El otro día, caminando por la zona del Toscar, me crucé con el Colegio López Orozco. Y me entró la curiosidad: ¿quién fue este hombre para que un cole lleve su nombre? Lo típico que siempre te preguntas al pasar y que casi nunca investigas. Esta vez no lo dejé pasar y empecé a tirar del hilo. Lo que encontré fue la historia de un ilicitano que vivió intensamente el siglo XX y cuya huella sigue muy presente.
Julio María López Orozco nació en Elche en 1885 y, tras estudiar Medicina en Valencia, regresó a su ciudad para abrir consulta. Muy pronto se ganó fama de médico cercano, de esos que escuchan al paciente y no solo recetan. En su clínica de la Corredera fijó un día a la semana en el que atendía gratis y, cuando veía que alguien no tenía ni para medicinas, dejaba dinero escondido bajo la almohada. Por eso se le recuerda como “el médico de los pobres”. Ese compromiso social lo convirtió en uno de los personajes más queridos de la ciudad.

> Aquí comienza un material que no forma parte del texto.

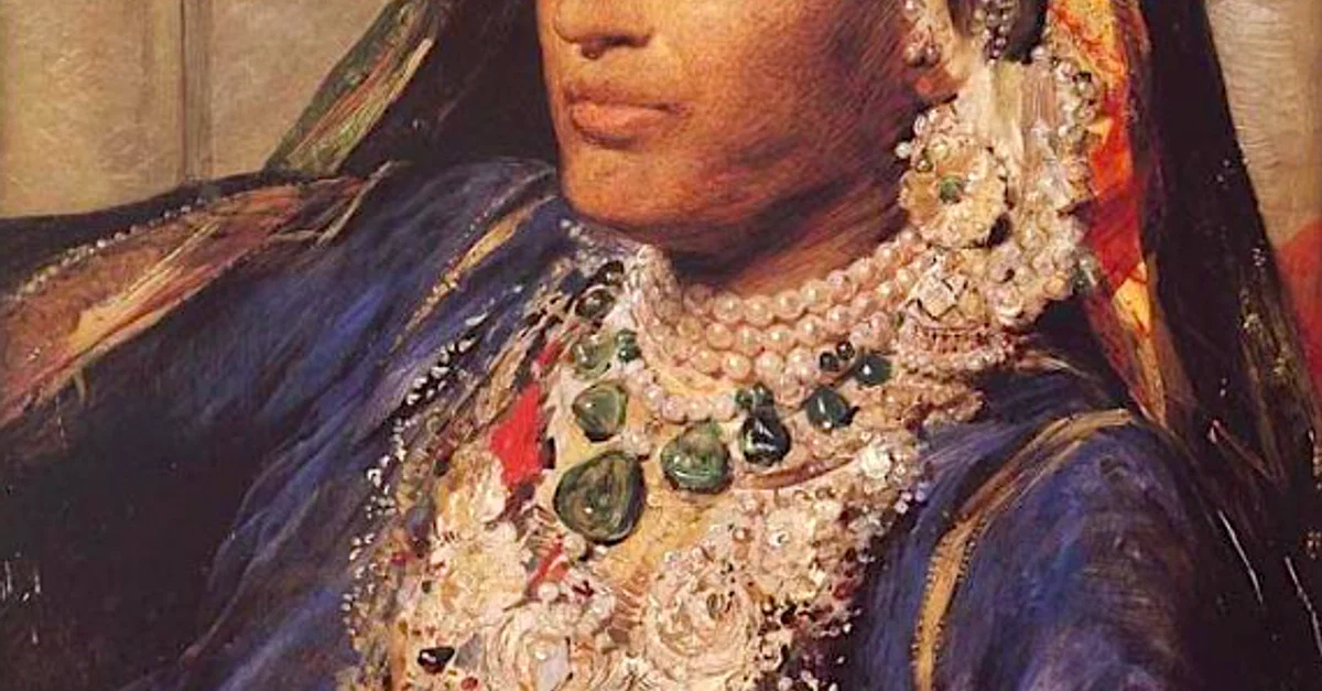 An 1863 portrait of Maharani Jind Kaur who, from 1843, ruled as regent for her infant son Duleep Singh (l. 1838-1893), the last Maharaja of the Sikh Empire which was dissolved after the Anglo-Sikh Wars (1846-9) with the Brtish East India Company.

Pero Orozco no se conformó con la bata blanca. También se implicó en la vida pública. Fue presidente de la Alianza Republicana en Elche y en 1931 llegó a Madrid como diputado en las Cortes Constituyentes. Aquellos años fueron de efervescencia: se inauguró el Instituto de Enseñanza Media, se declaró Monumento Nacional el Misteri y se aprobó la primera ley de protección del Palmeral. No es exagerado decir que López Orozco tuvo un papel decisivo en que Elche viviera una de sus etapas más fecundas.
Su historia, sin embargo, dio un giro radical con el estallido de la Guerra Civil y la llegada de la dictadura franquista. Por su militancia republicana y su pertenencia a la masonería fue perseguido con dureza. Pasó por juicios, destierros, multas y prisiones. Fue encarcelado en Alicante, Madrid y Burgos y condenado por masonería a una larga reclusión que, gracias a gestiones y apoyos, quedó reducida. Cuando finalmente pudo volver a ejercer como médico, lo hizo bajo fuertes restricciones, limitado al término municipal de Elche y siempre bajo la sombra de la represión.
A pesar de tantos obstáculos, siguió ejerciendo con la misma vocación de servicio con la que había empezado. Curaba sin mirar la ideología ni el bolsillo de sus pacientes, y eso fue lo que lo mantuvo vivo en la memoria colectiva. Cuando murió en 1970, a los 85 años, su entierro se convirtió en un acto multitudinario. Los ilicitanos que lo habían conocido acudieron en masa para despedirlo. La corporación franquista no apareció, pero la gente llenó las calles en un homenaje silencioso y contundente.
Hoy, más de medio siglo después, su nombre da vida a un colegio, unos jardines y un monumento en su ciudad natal. Y lo que comenzó como una simple curiosidad en un paseo por el Toscar terminó revelando una certeza: en Elche hubo un médico que nunca dejó de serlo, incluso cuando intentaron borrarlo de la historia.